As an aside, I treasure the gifts of nuance that I find, sometimes, in my beads. The effects are often accidental but I feel a surge of delight when I get it right!

Wednesday, January 14, 2009

Something new...


I hope you enjoy the music I have added to my blog. Some of it is taken directly from the playlist of my friend Victoria Pittman, and I love the first piece played by Winifred Horan, with Solas. Her fiddle was made in Maine by Jonathan Cooper, http://www.jcooperviolinmaker.com/and it is the most beautiful sounding fiddle in the world (except for Joshua Bell's, of course). I bought a lovely Italian violin from this man years ago, and I am currently helping it to learn the haunting Solas piece on my playlist.

It is so freezing cold in Maine today that I have hesitated all day to go to my studio to work. My kiln will keep me warm but the intake air for ventilation will make my little cockatiel shiver....so the woodstove is going in hopes of warming up the house enough to stave off the bitter cold I will be letting in.

Tuesday, January 13, 2009

Flower Power





I am in a beautiful show and the Center for Maine Contemporary Art in Rockport, Maine. It is called Flower Power. Anyone who goes to see this show will feel so happy for being able to see 14 artists' interpretations of flowers, offered in the middle of January for extra effect!

Interestingly enough, the piece that most captivated me is lying on a white pedestal. It is a crushed copper bulb, open at one end, attached to a gently curved pipe. It looks like a poppy, in a way. The copper is beautifully and richly oxidized, and all the crenellations and dents bear the emphasis of the deep copper blue surface. So how is this so intriguing? From poppy, to crushed, to lying flat on a surface, my mind leaped to the Middle East...no further explanations necessary. It was a simple, strong statement to me on how things are in that part of the world.

I was inspired by 24 small black panels mounted on the far wall, each bearing roses of different colors and types...just breathtaking, by the artist Connie Hayes.

And somewhere along the way to her wall is a glass case with my offerings, the foxgloves and sweet peas that make up these three necklaces. They are made with Bullseye glass, and the pinks and purples of the one sweet pea necklace are hand-blended colors. I love the goofy first shot because the way light travels through glass makes my heart sing!

Monday, January 12, 2009

Making Interesting Artifacts






Well, Missing in Action, for sure. But in all the months I have not posted in my beloved Blog I have been working through a lot of glass, learning, practicing, trying to understand things that other glass artists already know.
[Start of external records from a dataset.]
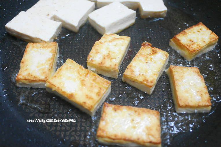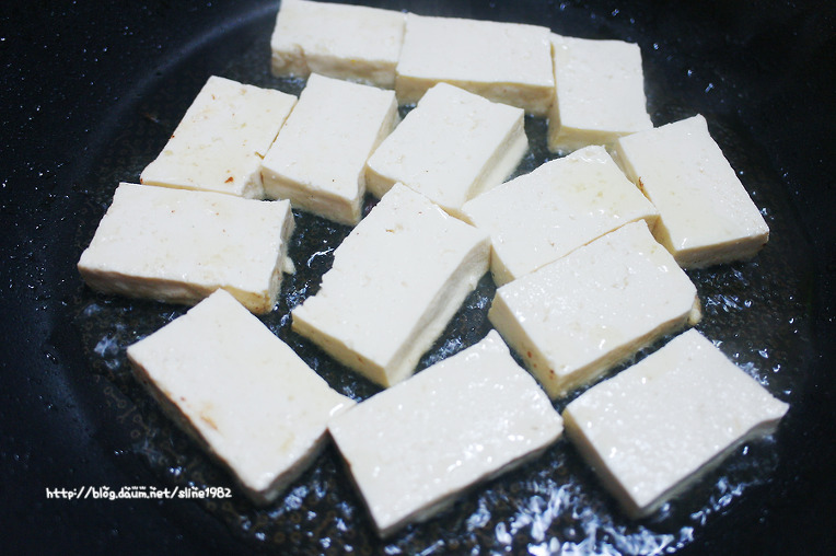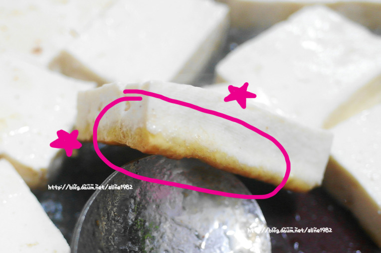 그런데 다들 아시겠지만 두부조림 만들때 가장 조심해야 되는건 두부가 찢어지지 않게 잘 부쳐내는거에요~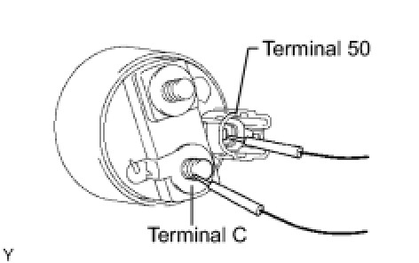 (1) Disconnect the negative (-) terminal lead from terminal C while maintaining the condition specified for the pull-in test above. Check that the pinion gear remains out.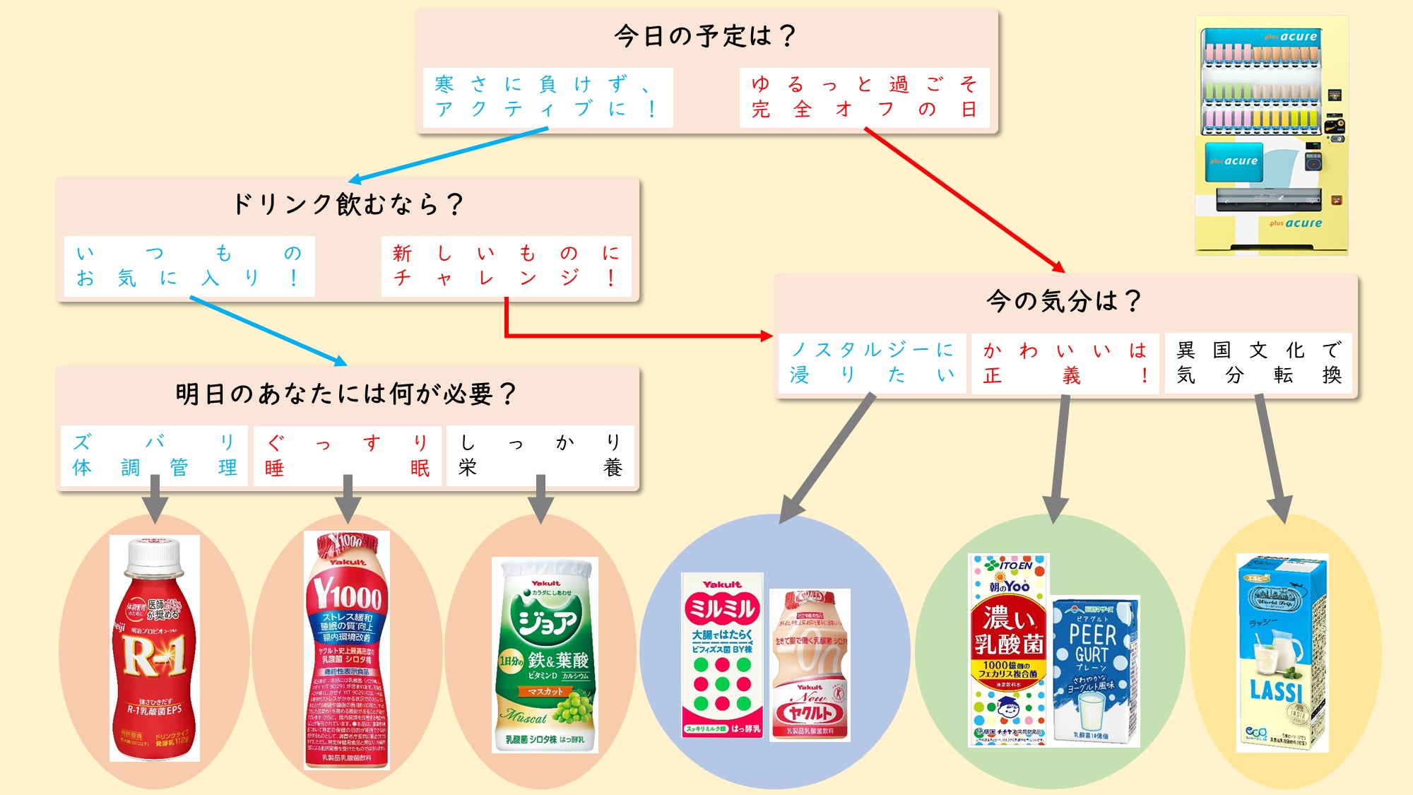 昨今の健康ブームから、様々な飲料メーカーが多様な乳酸菌飲料を販売しており、どんな時にどの乳酸菌飲料を飲んだらよいか迷ってしまう「乳酸菌迷子」の方が増えているのではと考え、今の気分をフローチャートに沿って選ぶことで、プラスアキュアがおススメする乳酸菌飲料が一目でわかる「プラスアキュア乳酸菌飲料マップ」を作成しました。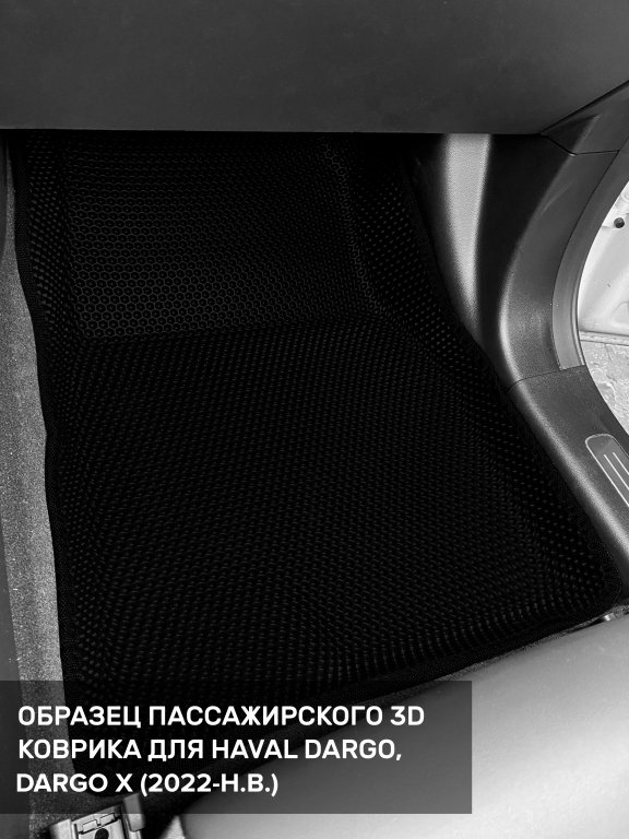 Автомобильные 3д коврики для Haval Dargo (2022-н.в.) в салон авто и багажник сделаны из инновационного полимерного материала EVA, изысканная структура в виде ячеек не дает воде, пыли и снегу разлетаться по салону машины и багажнику. 3д коврики зафиксированы на полу определенными клипсами, соответствующими Haval Dargo (2022-н.в.), и не двигаются в процессе езды.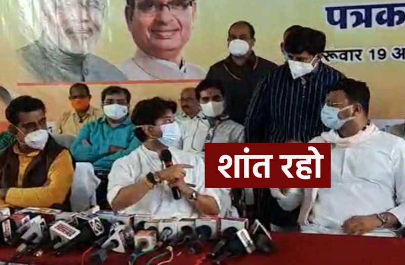 गुरुवार को जब केंद्रीय मंत्री ज्योतिरादित्य सिंधिया जन आशीर्वाद यात्रा के दौरान सुबह इंदौर में प्रेस कांफ्रेंस को संबोधित कर रहे थे। वहां पर बीजेपी के स्थानीय नेता आकाश विजयवर्गीय भी मौजूद थे। तभी आकाश विजयवर्गीय और नगर अध्यक्ष गौरव रणदिवे आपस में बात करने लगे, ऐसा बार-बार होने पर सिंधिया ने तुरंत हस्तक्षेप करते हुए बातचीत करने से टोक दिया। कहां- शांत रहे। सिंधिया के इतना कहने पर आकाश प्रेस कांफ्रेंस छोड़कर बाहर चले गए।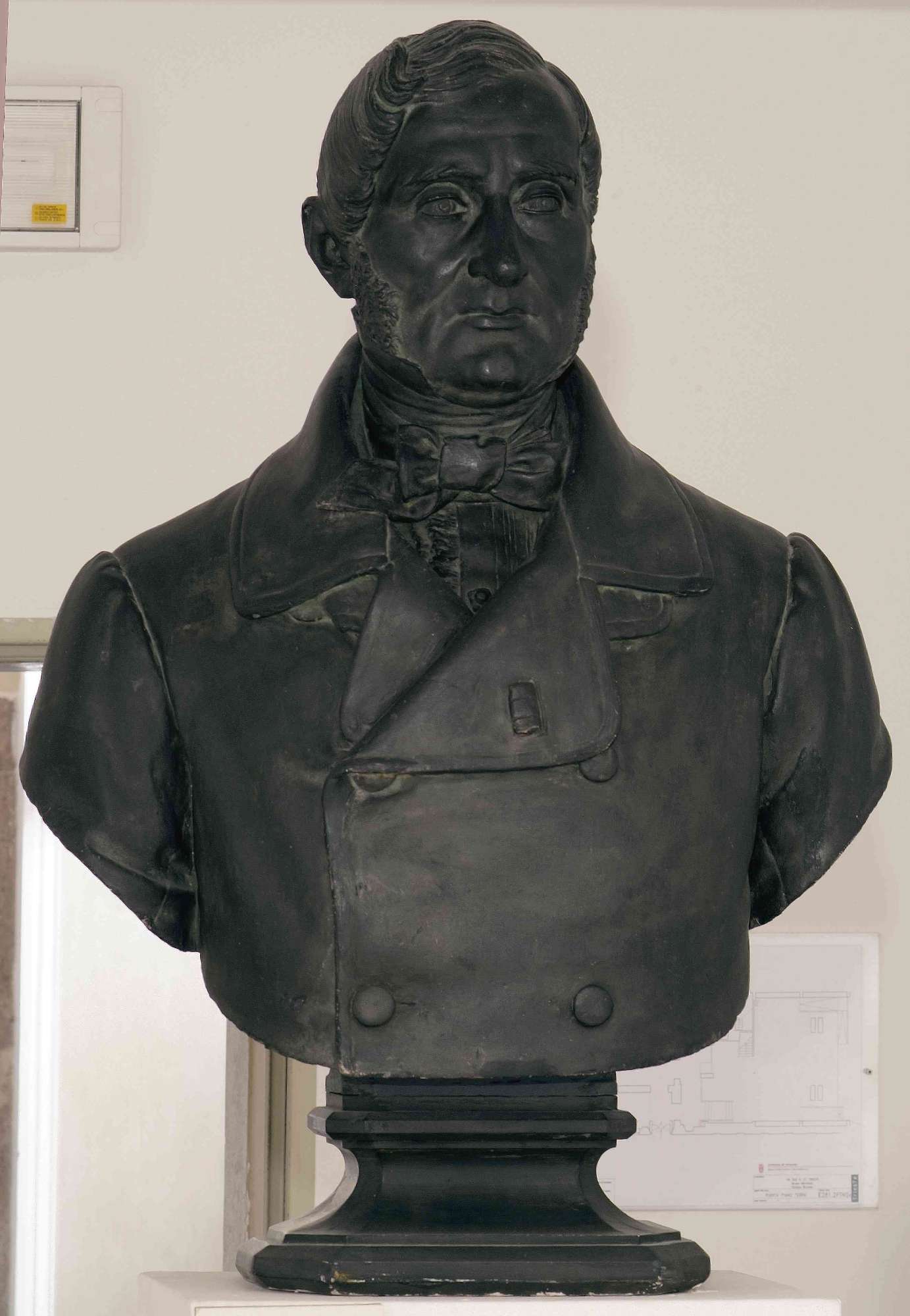 Nel giro di un biennio, al termine dei lavori di edificazione della sua residenza, Pasquale Revoltella commissionava il proprio ritratto, rispettivamente, allo scultore tedesco Karl Cauer ("Ritratto di Pasquale Revoltella", 1858) e all’artista milanese Pietro Magni (il presente ritratto del 1859), al quale il finanziere aveva affidato anche l’esteso apparato decorativo di cui abbiamo più volte parlato. Una scelta che sembra confermare, una volta di più, l’apertura mentale del committente, costantemente rivolto a maestranze di provenienza diversa, nonché la sua ambivalente disposizione, sia nei confronti del suo paese d’origine, l’Italia (appena unificata), sia nei confronti dell’Europa e dei paesi germanici, più in particolare. «Bello di virile bellezza, imponente nella persona, d’ingegno, di modi vivacissimo, allietò la vita sociale di feste brillanti di conviti di piacevoli conversari, nei quali l’eleganza e la squisitezza del porgere, del dire, dell’ospitare andarono in bell’ordine congiunte colla cordialità e la larghezza» («L’Osservatore Triestino» 1869). L’aspetto imponente del soggetto e l’eleganza di portamento e di modi rilevati nel necrologio, pubblicato a due giorni dalla morte del barone Revoltella, sono molto ben rappresentati in questo ritratto scultoreo del Magni. Allievo del rinomato scultore e ritrattista Abbondio Sangiorgio, Pietro Magni fu a sua volta autore di un grande numero di ritratti, per la maggior parte, pare, non più rintracciabili. In questo di Pasquale Revoltella, apparentemente conforme ad una ritrattistica di carattere ufficiale, colpiscono tuttavia alcuni particolari, che fuoriescono dalla rigidità seriale: il papillon in parte occultato dal bavero della finanziera e, soprattutto, l’espressione realistica del volto, vitale e palpitante, pur nell’atteggiamento di una composta autorevolezza. Oltre alla versione in marmo, il Museo Revoltella conserva dello stesso autore una versione in gesso dipinto, acquistata dal Curatorio del Museo nel 1883 dagli eredi dello scultore milanese.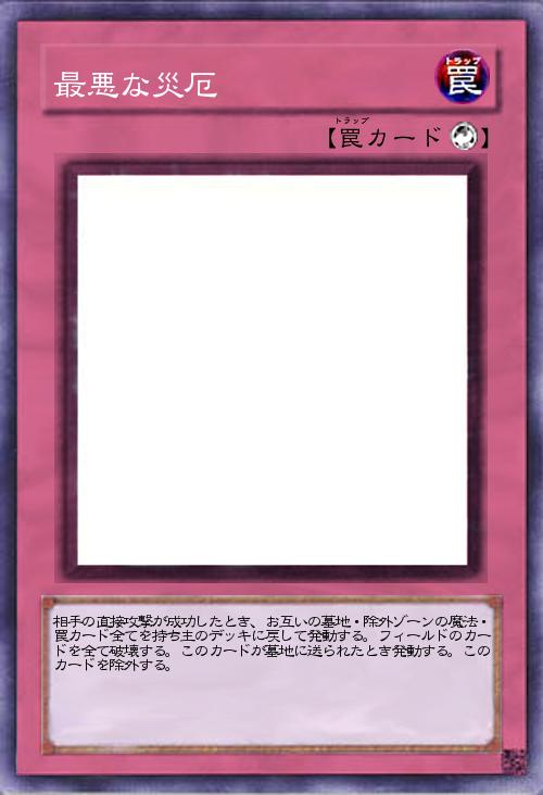 | 相手の直接攻撃が成功したとき、お互いの墓地・除外ゾーンの魔法・罠カード全てを持ち主のデッキに戻して発動する。フィールドのカードを全て破壊する。このカードが墓地に送られたとき発動する。このカードを除外する。 | |||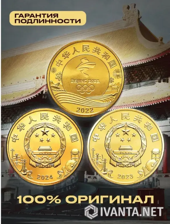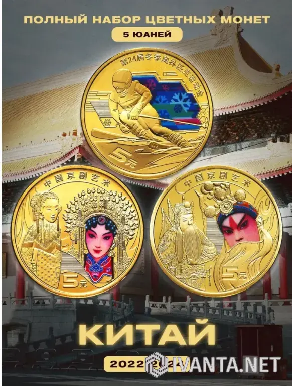 ПОДЛИННЫЙ КОЛЛЕКЦИОННЫЙ Полный набор цветных монет Китая 5 юаней 2022-2024 года.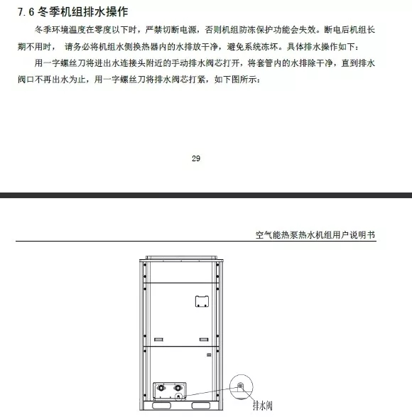 例如:說(shuō)明書(shū)請(qǐng)查看冬季機(jī)組排水操作內(nèi)容

For most of the four years I have been working with molten glass I have tried to understand how some artists are able to portray flowers, specifically roses. Kim Miles has a technique that makes the petals look like tissue paper. And after several written tutorials with Lydia Muell of Ashton jewels, I have been smitten by her venture into roses as well.

So a student studies, and I have, looking, looking and looking some more, until the lights went on, the colors developed as they should, and I finally started to get that lovely texture in tiny rose petals. Maybe it isn't how Kim does it, and that would be really good. I switched to Bullseye glass part way through last week because the glass is harder and more forgiving of the encasing process, and they make awesome colors, especially pinks.